The following is a guest blog post from Teachable creator Lisa A. Smith for Black History Month at Teachable. She holds a bachelor’s degree in psychology and a MBA. She is certified in plant-based nutrition, the creator of PHARM TO TABLE™ Plant Based Coaching Program and The Plant Protocol™, the first plant-based coaching certification to be founded by a person of color. She’s also the founder of The Black Health Academy whose mission is to eradicate those chronic diseases which disproportionately impact marginalized communities.
When we make reference to disrupting an industry, we’re usually referring to innovation and technology. In the last several decades we’ve seen many industries disrupted in this way. Including transportation, hospitality, and education.
However, the less obvious, but just as innovative, path to disruption is via hue. No matter how exceptional the current players are in a specific sector, diversity, and inclusion will always offer a point of view that can’t be found anywhere else. Every culture, race, gender, and hue has the potential to bring a perspective to an industry that hasn’t previously been explored. Culturally relevant content is and always will be necessary.

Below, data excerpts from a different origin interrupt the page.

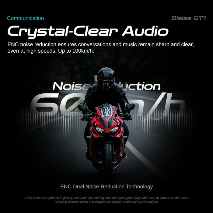 BLAISE GT1 Helm Motor Intercom Headset Musik Sharing untuk 2 Pemakai Jarak 1000 Meter Bluetooth 5.3
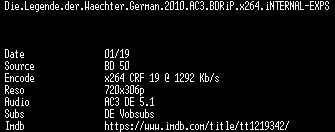 | FiLENAME: | Die.Legende.der.Waechter.German.2010.AC3.BDRiP.x264.iNTERNAL-EXPS.mkv |
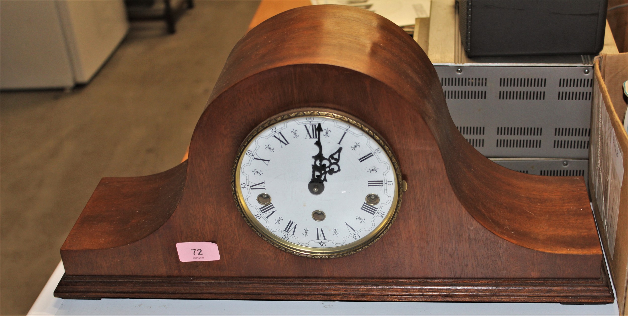 A Stuart Sykes Kendal Mahogany-Framed Mantle Clock (with Key)
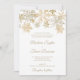 Jultemat bröllopsinbjudan med guld snöflingor. Perfekt för elegant vinterbröllop och andra säsong- och helgdagar-evenemang.
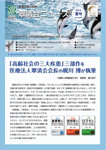 今回の内容は「高齢社会の三大疾患三部作を医療法人翠清会会長の梶川博が執筆」「不確定な原因による脳梗塞」「自宅で嚥下体操をしてみませんか?」「第11回STROKEセミナー」「新人挨拶」「AZE展2016−全国医用画像コンペティション−特別賞受賞!」「学術活動4月~6月」
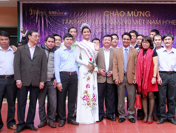 Đội vương miện hoa hậu danh giá, H'Hen Niê chỉ phối cùng phụ kiện hoa tai ngọc trai đã vô cùng rạng rỡ. Cô không ngần ngại giao lưu và dành tặng thầy cô cũng như các em học sinh tại trường cũ tiết mục văn nghệ vui tươi.
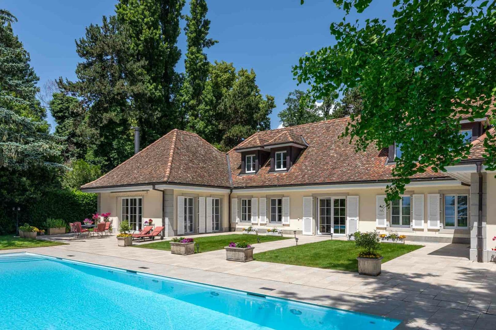 À l’extérieur, un jardin abrite une variété d’essences d’arbres et de fleurs créant un cadre paisible et harmonieux, à l'abri des regards. Une terrasse surplombant le lac offre un espace idéal pour se détendre et profiter de la vue spectaculaire. Une magnifique piscine chauffée vient sublimer cet extérieur.
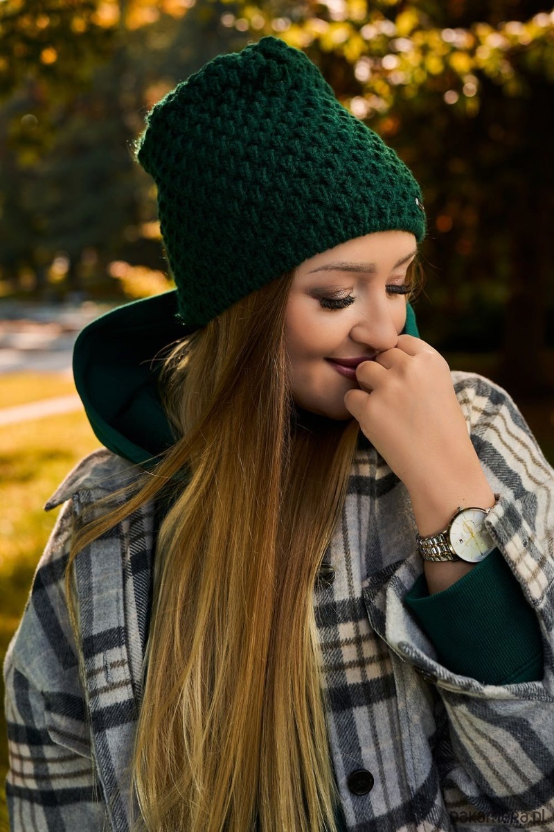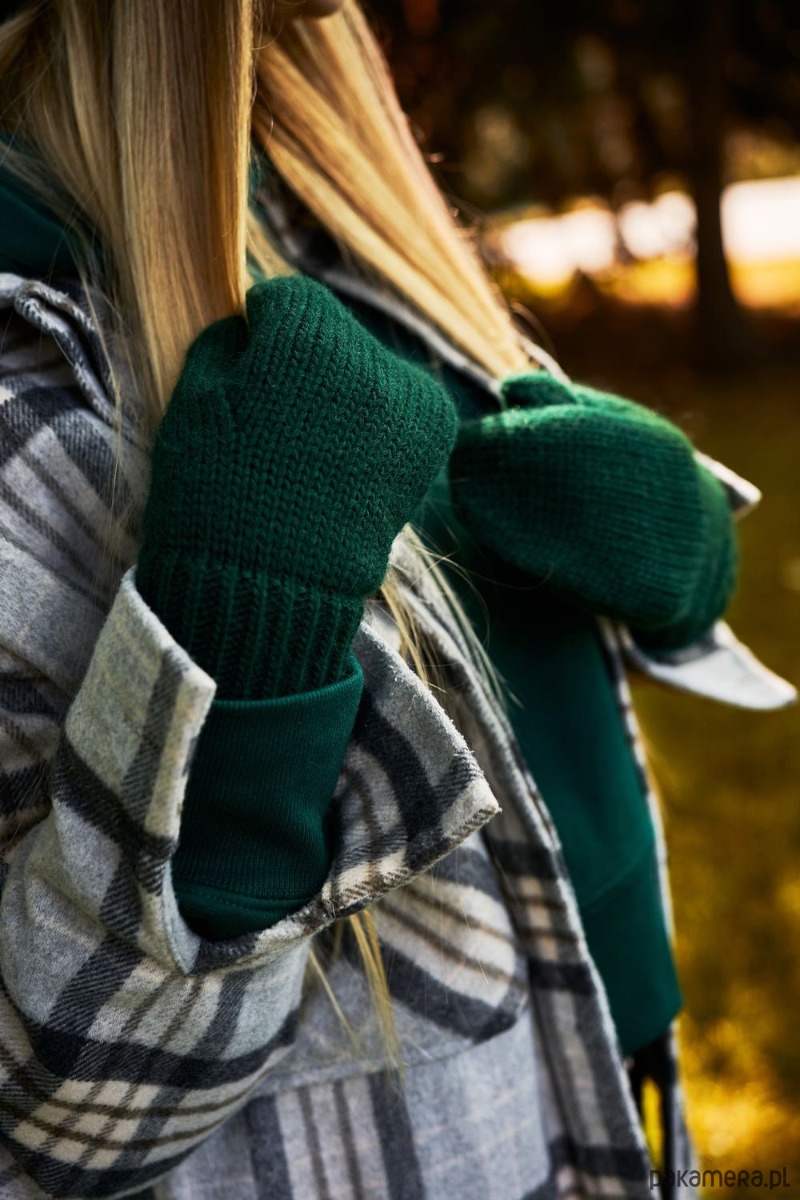 Zielony komplet damski czapka szalik rękawiczki ciepły zestaw zimowy

When I founded The Black Health Academy in 2017 it was to provide access to plant-based nutrition and lifestyle science in a culturally relevant format. Where people of color could feel comfortable and secure in the fact that the content was being curated with them in mind. When we launched The Plant Protocol™ Plant Based Coaching Certification in 2021, the first plant-based coaching certification to be founded by a person of color, it was intended to disrupt the rapidly growing plant-based coaching industry. The plant-based coaching and education sector has the potential to positively impact the health outcomes of millions of people…as long as EVERYONE is represented from the top down.

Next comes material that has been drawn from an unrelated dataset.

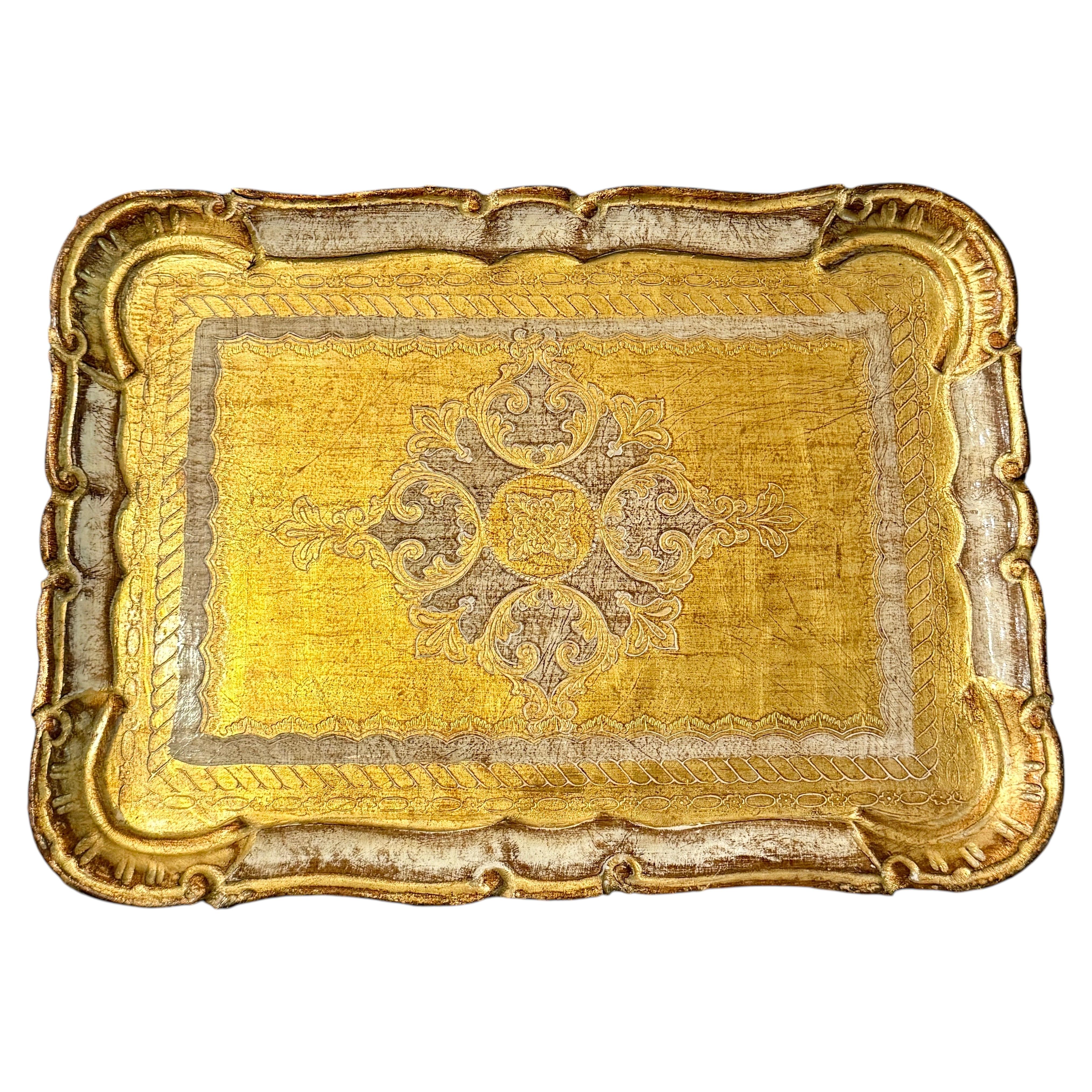 Grand plateau italien en bois doré Florentine

The overwhelming majority of African Americans who choose a plant-based lifestyle do so in pursuit of health and longevity. A whole-food, plant-based diet, has proven to be the most effective diet for combating and arresting common lifestyle diseases. Especially those that disproportionately impact communities of color. This includes conditions like obesity, hypertension, heart disease, high cholesterol, kidney disease, and diabetes. In those instances, one cannot overstate the need for quality education, coaches, and subject matter experts to assist individuals with the adaptation of this lifestyle in the pursuit of optimal health.
According to a Pew Research Center Survey, Black Americans are the fastest-growing demographic of vegans in the U.S. As a result, we’ve been doing a phenomenal job at creating access to black-owned vegan food and lifestyle products. However, diversity in the plant-based education and coaching sector hasn’t been moving nearly as quickly.

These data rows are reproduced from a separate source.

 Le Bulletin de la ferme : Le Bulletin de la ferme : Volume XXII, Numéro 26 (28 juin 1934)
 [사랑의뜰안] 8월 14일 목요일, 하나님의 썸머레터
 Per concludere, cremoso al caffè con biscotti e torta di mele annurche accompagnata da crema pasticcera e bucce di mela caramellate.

When black creators and thought leaders are bold enough to take up space, magical things happen. Every. Single. Time. That boldness generates endless opportunities, access and exposure that would’ve otherwise remained untapped.
There are countless bold creators of color that held, and continue to hold, the torch in their respective sectors. Individuals like Fawn Weaver, founder of Uncle Nearest bourbon whiskey. Who fought to bring the Nearest story to light as he was the black mentor of Jack Daniels.
Then there’s Deneen, David, and Coral Brown, siblings and co-founders of Brown Estate Vineyards. The first black-owned Vineyard in Napa Valley.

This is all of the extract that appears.